Пенелопа, чувствуя чешуей, что движения продолжаются, а он закрывает дверь вроде бы даже ногой, оглянулась и посмотрела, чем это нас там. Выяснив для себя, что не тем совершенно, о чем думалось и страдалось, она схватила с плиты сковороду и в ту же секунду снесла лейтенанту башку. Башка отлетела и по дороге взорвалась.
Через какое-то время лейтенант очнулся в бинтах и вате и, шатаясь, волоча рывками на прицепе натруженные гонады, как беременная тараканиха, он явился на борт.
— Уйди, лейтенант, — сказал старпом среди гомерического хохота масс, — на сегодня прощаю за доставленное удовольствие.

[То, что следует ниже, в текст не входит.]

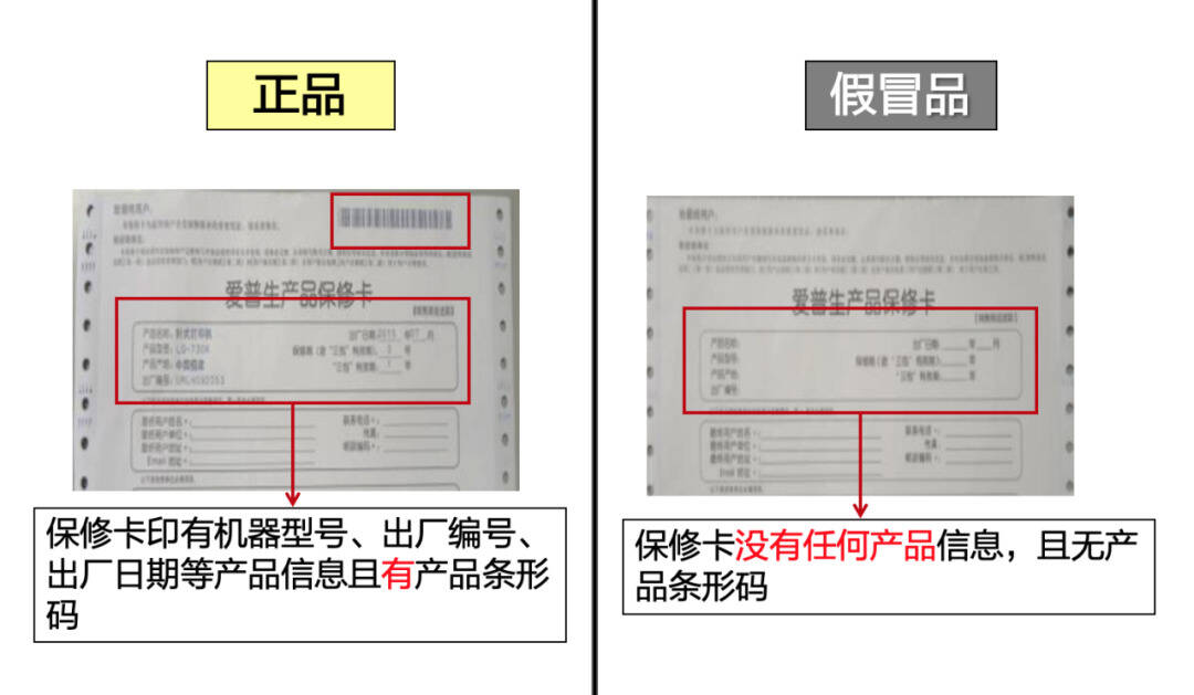 正品的保修卡上都会印有机器型号,出厂编号,出厂日期等产品信息且有产品条形码。假冒产品的保修卡没有任何产品信息,而且没有产品条形码。

Это нашего старпома так звали. Обычно после неудачной сдачи задачи он выходил перед нашим огромным строем, снимал фуражку и низко кланялся во все стороны:
— Спасибо (еще ниже), спасибо… спасибо… обкакали. Два часа на разборе мне дерьмо в голову закачивали, пока из ушей не хлынуло. Спасибо! Работаешь, как негр на плантации, с утра до ночи в перевернутом состоянии, звезды смотрят прямо в очко, а тут… спасибо… ну, теперь хрен кто с корабля сойдет на свободу. По-хорошему не понимаете. Объявляю оргпериод на всю оставшуюся жизнь. Так и передайте своим мамочкам.